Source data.
········
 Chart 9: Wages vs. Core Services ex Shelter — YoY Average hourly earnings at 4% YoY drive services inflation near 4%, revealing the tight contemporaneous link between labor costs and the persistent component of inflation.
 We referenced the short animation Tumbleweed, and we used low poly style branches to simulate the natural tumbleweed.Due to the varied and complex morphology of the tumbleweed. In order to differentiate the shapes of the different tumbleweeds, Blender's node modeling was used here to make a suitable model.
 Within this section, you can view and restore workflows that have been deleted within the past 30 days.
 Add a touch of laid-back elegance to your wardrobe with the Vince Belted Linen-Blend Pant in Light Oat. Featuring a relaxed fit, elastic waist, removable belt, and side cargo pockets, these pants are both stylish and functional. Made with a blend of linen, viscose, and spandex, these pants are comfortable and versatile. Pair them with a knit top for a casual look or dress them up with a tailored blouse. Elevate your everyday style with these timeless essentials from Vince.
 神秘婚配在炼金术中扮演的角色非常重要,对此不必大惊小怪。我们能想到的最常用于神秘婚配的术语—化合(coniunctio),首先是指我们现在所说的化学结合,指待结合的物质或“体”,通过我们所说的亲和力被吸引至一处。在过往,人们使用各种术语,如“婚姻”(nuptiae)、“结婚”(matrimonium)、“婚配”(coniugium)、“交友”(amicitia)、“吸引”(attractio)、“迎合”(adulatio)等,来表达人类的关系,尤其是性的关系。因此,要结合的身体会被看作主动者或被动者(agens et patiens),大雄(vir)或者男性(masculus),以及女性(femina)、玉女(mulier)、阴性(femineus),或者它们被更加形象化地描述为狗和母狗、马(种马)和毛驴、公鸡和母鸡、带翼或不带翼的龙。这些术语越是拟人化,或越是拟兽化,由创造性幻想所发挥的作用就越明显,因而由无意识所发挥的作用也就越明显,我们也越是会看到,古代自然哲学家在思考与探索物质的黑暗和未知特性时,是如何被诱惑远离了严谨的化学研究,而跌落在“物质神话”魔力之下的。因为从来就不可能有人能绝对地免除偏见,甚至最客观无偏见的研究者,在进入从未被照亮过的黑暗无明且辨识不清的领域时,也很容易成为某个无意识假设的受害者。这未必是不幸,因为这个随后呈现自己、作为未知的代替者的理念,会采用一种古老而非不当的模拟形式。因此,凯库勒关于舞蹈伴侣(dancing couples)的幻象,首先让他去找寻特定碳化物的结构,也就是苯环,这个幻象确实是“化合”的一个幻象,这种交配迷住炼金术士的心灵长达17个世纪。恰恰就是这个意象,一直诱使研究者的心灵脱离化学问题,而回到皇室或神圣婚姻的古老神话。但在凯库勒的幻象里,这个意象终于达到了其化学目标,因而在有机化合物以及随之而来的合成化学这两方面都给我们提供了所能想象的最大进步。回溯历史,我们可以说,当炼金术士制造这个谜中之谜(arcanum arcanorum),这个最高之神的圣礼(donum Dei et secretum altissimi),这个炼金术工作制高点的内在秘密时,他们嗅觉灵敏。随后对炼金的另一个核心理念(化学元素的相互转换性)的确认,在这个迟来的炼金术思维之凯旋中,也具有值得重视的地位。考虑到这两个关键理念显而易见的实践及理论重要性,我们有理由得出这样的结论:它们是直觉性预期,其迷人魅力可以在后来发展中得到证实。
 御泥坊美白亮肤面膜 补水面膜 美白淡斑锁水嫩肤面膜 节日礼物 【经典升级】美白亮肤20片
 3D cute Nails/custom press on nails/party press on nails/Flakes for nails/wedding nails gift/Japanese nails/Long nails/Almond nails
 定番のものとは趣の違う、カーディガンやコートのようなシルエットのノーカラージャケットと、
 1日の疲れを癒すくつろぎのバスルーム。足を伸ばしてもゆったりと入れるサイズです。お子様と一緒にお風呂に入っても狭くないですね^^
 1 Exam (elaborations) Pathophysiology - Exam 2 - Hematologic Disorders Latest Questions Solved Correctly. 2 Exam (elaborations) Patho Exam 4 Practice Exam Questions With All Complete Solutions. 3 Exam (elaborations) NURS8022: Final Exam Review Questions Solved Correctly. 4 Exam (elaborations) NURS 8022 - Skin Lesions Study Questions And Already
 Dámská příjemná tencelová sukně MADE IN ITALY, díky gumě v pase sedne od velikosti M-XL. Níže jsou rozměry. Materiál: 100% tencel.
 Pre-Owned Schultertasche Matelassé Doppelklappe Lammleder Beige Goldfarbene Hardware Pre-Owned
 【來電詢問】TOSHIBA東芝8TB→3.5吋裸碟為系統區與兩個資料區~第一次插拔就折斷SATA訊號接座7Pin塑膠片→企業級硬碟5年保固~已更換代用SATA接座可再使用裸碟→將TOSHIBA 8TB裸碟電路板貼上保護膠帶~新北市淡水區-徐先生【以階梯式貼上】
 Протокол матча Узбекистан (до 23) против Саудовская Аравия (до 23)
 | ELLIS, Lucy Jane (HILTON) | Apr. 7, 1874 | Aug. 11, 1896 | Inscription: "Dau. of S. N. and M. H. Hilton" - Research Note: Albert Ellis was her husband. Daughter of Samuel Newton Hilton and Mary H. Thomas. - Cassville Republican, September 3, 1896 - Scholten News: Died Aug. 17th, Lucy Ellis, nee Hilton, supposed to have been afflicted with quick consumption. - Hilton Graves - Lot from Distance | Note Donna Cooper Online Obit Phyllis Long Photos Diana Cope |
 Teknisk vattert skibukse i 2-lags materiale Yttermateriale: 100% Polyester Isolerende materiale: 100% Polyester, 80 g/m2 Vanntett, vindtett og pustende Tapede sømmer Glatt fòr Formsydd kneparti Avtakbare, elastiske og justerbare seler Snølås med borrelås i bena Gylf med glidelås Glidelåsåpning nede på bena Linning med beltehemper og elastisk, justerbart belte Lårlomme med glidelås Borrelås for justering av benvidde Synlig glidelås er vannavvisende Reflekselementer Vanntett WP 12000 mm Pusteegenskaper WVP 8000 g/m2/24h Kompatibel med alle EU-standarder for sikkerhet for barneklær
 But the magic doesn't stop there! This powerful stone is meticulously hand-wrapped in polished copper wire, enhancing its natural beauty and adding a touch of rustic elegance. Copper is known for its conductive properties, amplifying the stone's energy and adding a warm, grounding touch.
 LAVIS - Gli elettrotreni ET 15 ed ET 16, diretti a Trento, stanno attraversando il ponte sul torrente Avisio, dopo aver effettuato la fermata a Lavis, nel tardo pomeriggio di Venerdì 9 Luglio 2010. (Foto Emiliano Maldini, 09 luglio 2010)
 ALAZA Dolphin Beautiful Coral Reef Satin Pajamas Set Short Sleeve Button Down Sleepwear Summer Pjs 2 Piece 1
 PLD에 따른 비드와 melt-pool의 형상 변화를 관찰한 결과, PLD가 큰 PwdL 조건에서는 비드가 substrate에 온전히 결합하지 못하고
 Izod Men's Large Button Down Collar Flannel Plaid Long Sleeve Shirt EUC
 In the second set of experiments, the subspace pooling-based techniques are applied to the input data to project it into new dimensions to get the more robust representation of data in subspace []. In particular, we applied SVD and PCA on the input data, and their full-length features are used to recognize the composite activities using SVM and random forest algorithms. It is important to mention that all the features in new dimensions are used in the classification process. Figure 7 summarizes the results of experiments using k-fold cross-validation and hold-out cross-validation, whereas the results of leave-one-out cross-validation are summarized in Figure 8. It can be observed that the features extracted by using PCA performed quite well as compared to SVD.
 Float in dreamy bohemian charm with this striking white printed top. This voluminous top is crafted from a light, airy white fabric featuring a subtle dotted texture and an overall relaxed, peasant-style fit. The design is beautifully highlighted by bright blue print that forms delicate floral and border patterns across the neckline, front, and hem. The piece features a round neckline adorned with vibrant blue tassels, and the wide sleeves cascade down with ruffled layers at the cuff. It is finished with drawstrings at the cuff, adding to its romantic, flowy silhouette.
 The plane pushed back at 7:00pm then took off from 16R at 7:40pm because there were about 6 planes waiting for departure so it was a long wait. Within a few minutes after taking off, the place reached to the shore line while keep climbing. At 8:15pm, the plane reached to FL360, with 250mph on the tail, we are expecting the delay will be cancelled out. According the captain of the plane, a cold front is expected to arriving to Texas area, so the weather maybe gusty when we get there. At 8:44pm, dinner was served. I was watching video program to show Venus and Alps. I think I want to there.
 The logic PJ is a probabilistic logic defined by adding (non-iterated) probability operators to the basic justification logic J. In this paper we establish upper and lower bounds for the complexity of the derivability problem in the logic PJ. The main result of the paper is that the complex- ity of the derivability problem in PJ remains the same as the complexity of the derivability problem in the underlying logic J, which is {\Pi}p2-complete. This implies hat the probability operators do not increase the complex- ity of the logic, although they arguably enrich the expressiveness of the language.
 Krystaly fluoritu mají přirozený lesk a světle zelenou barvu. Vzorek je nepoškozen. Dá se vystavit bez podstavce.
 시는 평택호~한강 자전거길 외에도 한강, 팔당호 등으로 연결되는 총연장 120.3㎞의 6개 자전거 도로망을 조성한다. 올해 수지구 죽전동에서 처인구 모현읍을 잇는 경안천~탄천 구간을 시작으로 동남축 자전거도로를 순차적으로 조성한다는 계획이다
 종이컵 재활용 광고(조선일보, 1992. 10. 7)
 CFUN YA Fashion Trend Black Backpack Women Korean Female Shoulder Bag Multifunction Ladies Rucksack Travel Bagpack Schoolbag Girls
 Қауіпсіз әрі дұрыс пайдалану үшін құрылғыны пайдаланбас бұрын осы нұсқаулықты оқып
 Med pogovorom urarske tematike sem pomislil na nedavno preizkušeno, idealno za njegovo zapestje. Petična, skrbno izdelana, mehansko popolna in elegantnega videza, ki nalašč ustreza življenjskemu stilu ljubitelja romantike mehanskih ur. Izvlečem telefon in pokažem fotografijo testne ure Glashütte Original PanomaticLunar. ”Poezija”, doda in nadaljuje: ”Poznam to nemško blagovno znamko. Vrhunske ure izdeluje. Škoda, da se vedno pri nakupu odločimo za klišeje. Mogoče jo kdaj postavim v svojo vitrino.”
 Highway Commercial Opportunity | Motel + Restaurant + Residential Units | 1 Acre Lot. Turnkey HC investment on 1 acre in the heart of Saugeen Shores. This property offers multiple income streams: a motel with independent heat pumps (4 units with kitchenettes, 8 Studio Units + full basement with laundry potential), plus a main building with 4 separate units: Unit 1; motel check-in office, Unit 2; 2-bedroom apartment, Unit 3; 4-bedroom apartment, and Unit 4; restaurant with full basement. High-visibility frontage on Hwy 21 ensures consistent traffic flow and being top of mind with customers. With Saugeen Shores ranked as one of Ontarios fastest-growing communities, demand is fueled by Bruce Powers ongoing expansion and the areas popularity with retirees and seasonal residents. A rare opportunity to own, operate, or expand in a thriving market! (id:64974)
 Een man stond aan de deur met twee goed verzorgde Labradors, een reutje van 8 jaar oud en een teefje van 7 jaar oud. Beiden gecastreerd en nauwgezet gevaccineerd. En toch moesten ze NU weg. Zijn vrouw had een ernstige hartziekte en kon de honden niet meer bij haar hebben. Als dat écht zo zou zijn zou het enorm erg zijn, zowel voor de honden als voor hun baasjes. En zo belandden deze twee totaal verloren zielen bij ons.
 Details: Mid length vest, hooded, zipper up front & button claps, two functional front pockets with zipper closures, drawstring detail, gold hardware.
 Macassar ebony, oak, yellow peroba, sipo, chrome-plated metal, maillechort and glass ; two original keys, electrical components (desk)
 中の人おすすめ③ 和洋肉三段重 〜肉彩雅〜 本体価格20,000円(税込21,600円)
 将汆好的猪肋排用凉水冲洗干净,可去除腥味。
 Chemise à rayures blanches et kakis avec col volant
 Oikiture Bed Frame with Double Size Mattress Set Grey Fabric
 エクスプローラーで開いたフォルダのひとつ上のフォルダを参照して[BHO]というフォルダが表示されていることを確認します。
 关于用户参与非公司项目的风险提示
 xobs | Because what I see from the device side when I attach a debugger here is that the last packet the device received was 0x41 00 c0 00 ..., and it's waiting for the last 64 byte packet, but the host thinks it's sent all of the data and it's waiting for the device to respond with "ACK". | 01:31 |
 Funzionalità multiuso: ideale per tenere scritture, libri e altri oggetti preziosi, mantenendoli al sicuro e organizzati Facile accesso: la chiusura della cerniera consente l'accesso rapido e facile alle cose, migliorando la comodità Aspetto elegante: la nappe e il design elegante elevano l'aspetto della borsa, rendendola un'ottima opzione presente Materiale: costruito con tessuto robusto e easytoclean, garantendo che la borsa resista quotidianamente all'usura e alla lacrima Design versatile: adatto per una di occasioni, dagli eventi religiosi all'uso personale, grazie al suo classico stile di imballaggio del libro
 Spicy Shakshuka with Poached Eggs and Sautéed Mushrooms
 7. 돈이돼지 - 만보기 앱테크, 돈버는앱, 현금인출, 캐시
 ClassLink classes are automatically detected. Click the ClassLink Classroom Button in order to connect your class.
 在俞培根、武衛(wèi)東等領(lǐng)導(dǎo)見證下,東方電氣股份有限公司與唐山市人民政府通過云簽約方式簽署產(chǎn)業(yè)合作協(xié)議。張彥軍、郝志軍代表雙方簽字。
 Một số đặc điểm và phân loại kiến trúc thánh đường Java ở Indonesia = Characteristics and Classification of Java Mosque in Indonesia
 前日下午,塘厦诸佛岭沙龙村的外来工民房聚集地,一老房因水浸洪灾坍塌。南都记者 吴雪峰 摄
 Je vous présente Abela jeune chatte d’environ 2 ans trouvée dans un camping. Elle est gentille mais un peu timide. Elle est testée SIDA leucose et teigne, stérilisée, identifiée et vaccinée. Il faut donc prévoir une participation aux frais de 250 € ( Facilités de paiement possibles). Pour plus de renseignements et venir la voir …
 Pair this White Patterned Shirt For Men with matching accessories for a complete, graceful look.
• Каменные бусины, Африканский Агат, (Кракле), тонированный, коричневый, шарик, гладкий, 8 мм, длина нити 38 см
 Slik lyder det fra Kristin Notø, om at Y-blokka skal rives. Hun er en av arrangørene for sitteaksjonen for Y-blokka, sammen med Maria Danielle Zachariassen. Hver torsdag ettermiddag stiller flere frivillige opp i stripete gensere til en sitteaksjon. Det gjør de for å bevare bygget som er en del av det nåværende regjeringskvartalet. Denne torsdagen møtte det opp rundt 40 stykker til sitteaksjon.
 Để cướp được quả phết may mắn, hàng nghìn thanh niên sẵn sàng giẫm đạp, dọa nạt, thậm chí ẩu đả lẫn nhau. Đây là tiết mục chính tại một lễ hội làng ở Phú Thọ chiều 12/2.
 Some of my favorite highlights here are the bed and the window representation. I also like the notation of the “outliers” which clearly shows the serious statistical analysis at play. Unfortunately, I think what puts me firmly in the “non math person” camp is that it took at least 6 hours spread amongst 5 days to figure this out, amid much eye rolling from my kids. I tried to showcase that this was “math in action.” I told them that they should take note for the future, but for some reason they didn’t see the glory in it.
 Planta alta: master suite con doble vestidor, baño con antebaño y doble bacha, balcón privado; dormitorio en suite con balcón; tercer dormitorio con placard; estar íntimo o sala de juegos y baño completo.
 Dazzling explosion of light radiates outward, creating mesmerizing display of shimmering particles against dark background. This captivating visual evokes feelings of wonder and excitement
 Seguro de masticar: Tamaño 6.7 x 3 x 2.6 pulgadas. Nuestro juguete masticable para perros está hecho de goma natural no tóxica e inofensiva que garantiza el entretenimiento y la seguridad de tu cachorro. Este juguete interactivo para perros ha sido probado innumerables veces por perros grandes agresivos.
········
Problem statement. Repeat word for word the lines above that run from the line containing "Funzionalità multiuso: ideale" through the line containing "Để cướp được", both ends included, and nothing else.

Solved problem.
 Funzionalità multiuso: ideale per tenere scritture, libri e altri oggetti preziosi, mantenendoli al sicuro e organizzati Facile accesso: la chiusura della cerniera consente l'accesso rapido e facile alle cose, migliorando la comodità Aspetto elegante: la nappe e il design elegante elevano l'aspetto della borsa, rendendola un'ottima opzione presente Materiale: costruito con tessuto robusto e easytoclean, garantendo che la borsa resista quotidianamente all'usura e alla lacrima Design versatile: adatto per una di occasioni, dagli eventi religiosi all'uso personale, grazie al suo classico stile di imballaggio del libro
 Spicy Shakshuka with Poached Eggs and Sautéed Mushrooms
 7. 돈이돼지 - 만보기 앱테크, 돈버는앱, 현금인출, 캐시
 ClassLink classes are automatically detected. Click the ClassLink Classroom Button in order to connect your class.
 在俞培根、武衛(wèi)東等領(lǐng)導(dǎo)見證下,東方電氣股份有限公司與唐山市人民政府通過云簽約方式簽署產(chǎn)業(yè)合作協(xié)議。張彥軍、郝志軍代表雙方簽字。
 Một số đặc điểm và phân loại kiến trúc thánh đường Java ở Indonesia = Characteristics and Classification of Java Mosque in Indonesia
 前日下午,塘厦诸佛岭沙龙村的外来工民房聚集地,一老房因水浸洪灾坍塌。南都记者 吴雪峰 摄
 Je vous présente Abela jeune chatte d’environ 2 ans trouvée dans un camping. Elle est gentille mais un peu timide. Elle est testée SIDA leucose et teigne, stérilisée, identifiée et vaccinée. Il faut donc prévoir une participation aux frais de 250 € ( Facilités de paiement possibles). Pour plus de renseignements et venir la voir …
 Pair this White Patterned Shirt For Men with matching accessories for a complete, graceful look.
• Каменные бусины, Африканский Агат, (Кракле), тонированный, коричневый, шарик, гладкий, 8 мм, длина нити 38 см
 Slik lyder det fra Kristin Notø, om at Y-blokka skal rives. Hun er en av arrangørene for sitteaksjonen for Y-blokka, sammen med Maria Danielle Zachariassen. Hver torsdag ettermiddag stiller flere frivillige opp i stripete gensere til en sitteaksjon. Det gjør de for å bevare bygget som er en del av det nåværende regjeringskvartalet. Denne torsdagen møtte det opp rundt 40 stykker til sitteaksjon.
 Để cướp được quả phết may mắn, hàng nghìn thanh niên sẵn sàng giẫm đạp, dọa nạt, thậm chí ẩu đả lẫn nhau. Đây là tiết mục chính tại một lễ hội làng ở Phú Thọ chiều 12/2.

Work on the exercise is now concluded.